Глаза его выражали панический страх. Вальтер не потерял самообладания. Он огляделся по сторонам.
— Не кричи так. Кто-нибудь спрашивал тебя о чем-то?
— Нет.
— Да и вообще, что это за разговор о преступлении?
— Это я так, к примеру.
— Странный пример.
— Странный или не странный, а я хочу порвать о вами. Я ухожу, отказываюсь с вами работать. В один прекрасный день, когда вы обо всем даже думать забудете, раздастся стук в дверь… Отпустите меня.
— Ты сам отлично понимаешь, что об этом не может быть и речи. Из такой группы нельзя попросту выбыть, как из футбольного клуба. Если нам в самом деле грозит провал, тебя все равно отыщут и подведут, под нож, сколько бы ты ни клялся, что давно разошелся с нами. Нет, тебе уже не выбраться, Пауль.

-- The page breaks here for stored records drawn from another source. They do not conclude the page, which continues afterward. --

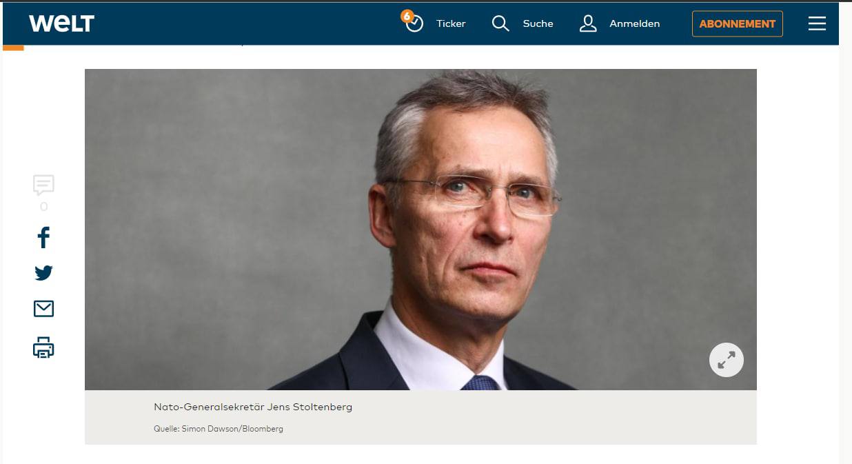 Об этом сказал генеральный секретарь НАТО Йенс Столтенберг в интервью немецкому изданию Welt Am Sonntag.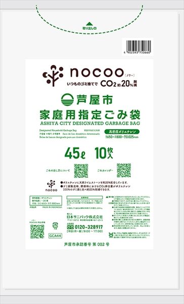 60点セット GCA44 芦屋市指定袋 平袋 45L 日本サニパック ゴミ袋 ポリ袋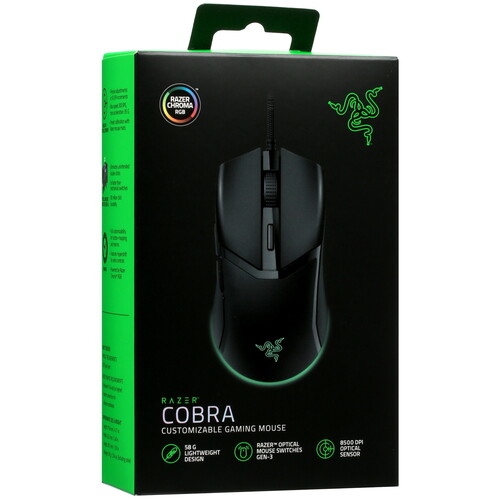 Razer Cobra [RZ01-04650100-R3M1] имеет встроенную память, что позволяет сохранять настройки независимо от подключённого устройства. Корпус из матового пластика не собирает пыль и устойчив к загрязнениям. Эргономичная форма подходит для правой и левой руки. RGB-подсветка выделяет мышь среди других периферийных устройств.
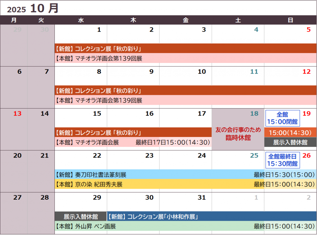 10/17(金) ・・・本館15:00 閉館 (入場は14:30まで)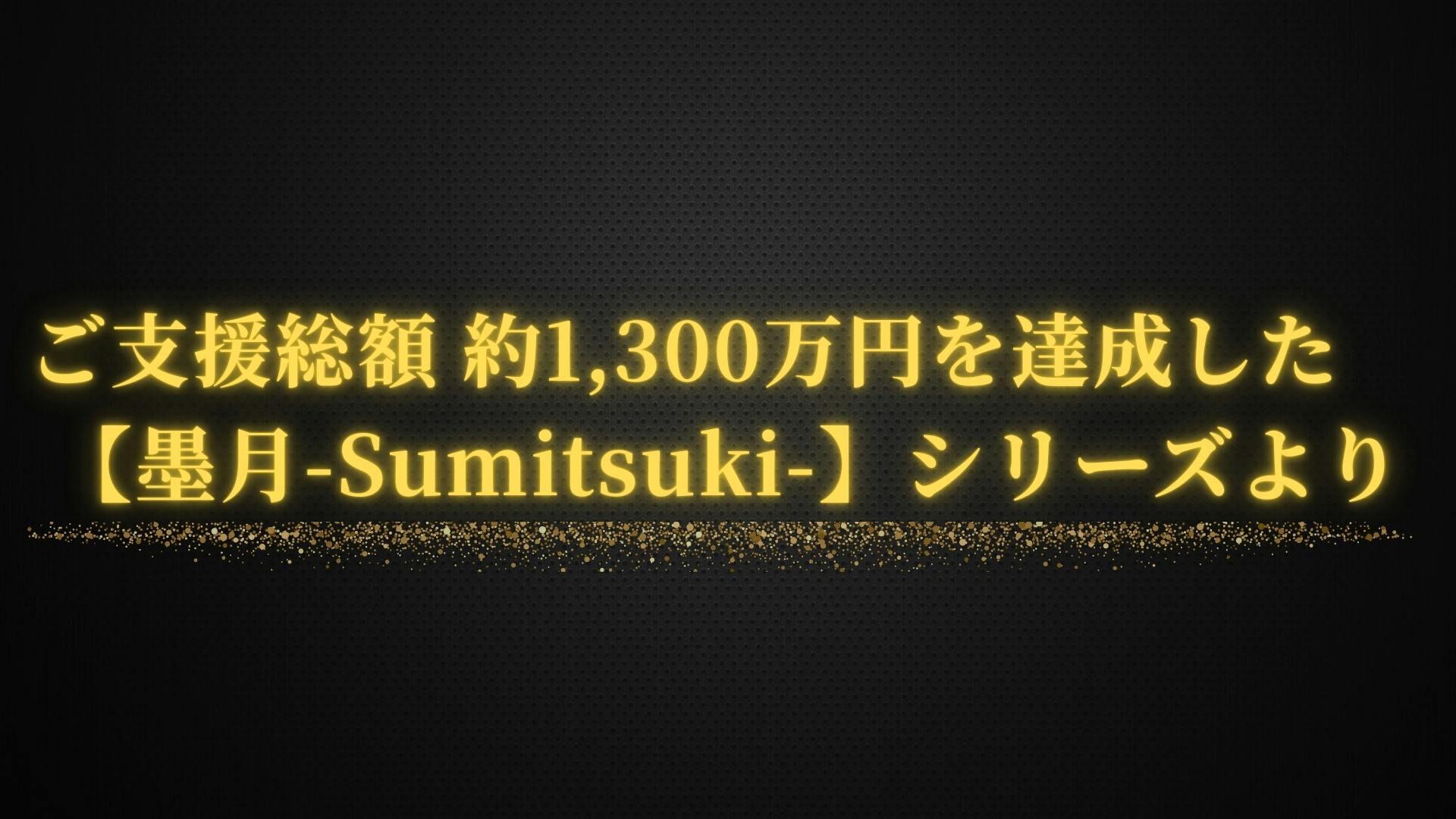前回の【墨月-Sumitsuki-】プロジェクトでは、想像を遥かに超える多くのご支援をいただき、支援総額は合計約1,300万円に達しました。改めまして、心より御礼申し上げます。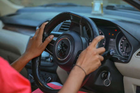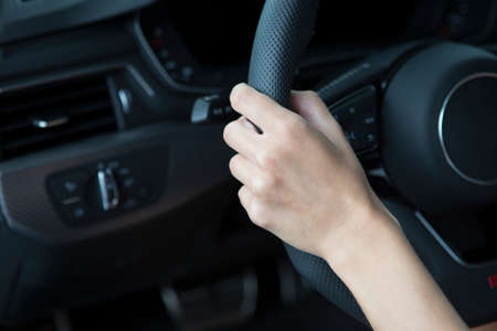 Woman driving a car,Hands of female driver on steering wheel

— Вы за последнее время переменились — смотрите на меня как на чужака. И если мы взлетим на воздух, никто из вас меня не защитит. Вы будете все валить на меня. Во всем буду виноват я… Я хочу порвать с вами… порвать!
— Ты спятил, Пауль!
— Ничуть я не спятил, это естественная самозащита.
— Что ты имеешь в виду?
— Не хочу попасть под суд, понятно?
— Не ори, Пауль. Надо начинать. Твое вступление.
— Играйте сегодня без меня! — Он захлопнул крышку рояля и выбежал вон, изо всех сил грохнув дверью.
Мы молчали. Наконец заговорил Пелле.
— Ему пригрозили.
— Он сам для нас угроза, — сказал Вальтер.
Мы понимали, что произошло нечто решительное. Это был разрыв, а возможно, и объявление войны. У нас подкосились ноги. Мы не сомневались, что дезертир начнет действовать. Мы же ничего не могли предпринять, не могли защищаться, не могли его спрашивать, убеждать.
Неясно было только, что он сделает. Уедет? Поступит в другой оркестр? Или же…
Лишь позднее я узнал все.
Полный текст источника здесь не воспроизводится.